It’s a concern, however in all my years of fishkeeping I’ve never had a hose pop off......usually it’s a task to remove them! 
Most filter/equipment manufacturers have hose locks on all hose joining points and regards glassware, just ensure to push the pipe on far enough (I usually go for a couple of cm).
A leak sensor could be a useful tool to alert if the worst should happen.


----------



## Simon Davey (11 Mar 2021)

Ady34 said:


> It’s a concern, however in all my years of fishkeeping I’ve never had a hose pop off...


You really shouldn't have said that


----------



## Ady34 (12 Mar 2021)

Simon Davey said:


> You really shouldn't have said that


Flood tonight......


----------



## LondonDragon (12 Mar 2021)

had that happen to me the other day, was watching TV and the filter outlet started making a noise, looked at the tank and the water level was getting low, opened the cabinet and a connection on the eheim hose taps was leaking, must have knocked it out a little during filter maintenance and it gradually slipped out!  lucky I was there at the time.

I have now purchased flood alarms that will beep and will send me an alert to the phone if that happens! If you use some home automation you can even set it to turn off aquarium equipment too!

Purchased these:

Amazon product

When I ordered it, it was £18

Not too complicated to setup and work just great from my testing! They connect via Wifi.






Planning on getting a couple more for putting under dishwasher and washing machines!


----------



## zozo (12 Mar 2021)

It once happened to me, an old washing machine and the door switch was obviously broken. The switch that should close the water valve with an open door... One day I started the washing machine but didn't notice the door wasn't fully closed.
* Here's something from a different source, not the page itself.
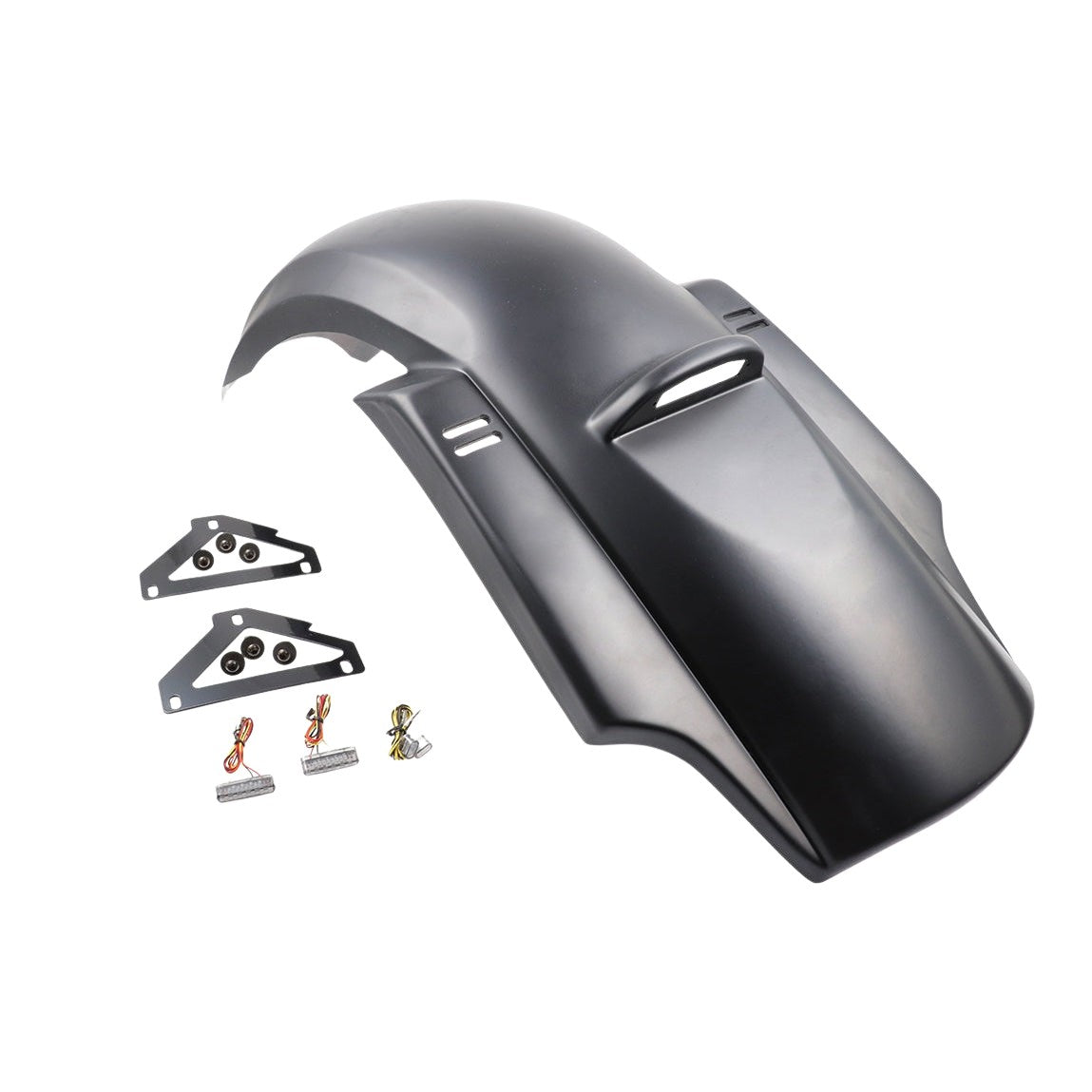 This complete Cult-Werk rear conversion "Custom" V1 kit is designed for Harley-Davidson Touring models from 2014 onward, including Street Glide™, Road Glide™, Road King™, and their special editions like Ultra and Limited. It features an ABS rear fender crafted with advanced 5-axis CNC machining for OEM-level quality, available in a paint-ready finish or glossy black. The kit includes integrated LED tail, brake lights, and indicators, plus a wiring harness with a resistor for correct flash frequency, ensuring true plug-and-play installation. Mounting hardware and reinforcement brackets are provided for a secure fit over the original metal fender.

Why would you check this? If it starts it should be ok... Thus I went on doing my thing till I saw water on the kitchen floor, coming from under the wooden plank floor in the room next to it... Went to the bathroom where the washing machine is and it had the door fully open water gushing out. It must have been an hour or so after I started it...

Luckily it was summertime to leave the doors and windows open day and night... But I still had to lift the plank floor to prevent mushrooms from growing under it.

Something stupid like that can always happen in a lifetime... I remember 40 years ago my very first 80-liter aquarium, spontaneously cracking open from top to bottom... I did hear it "Zip" and splash! I saw it and it was empty in about 30 seconds...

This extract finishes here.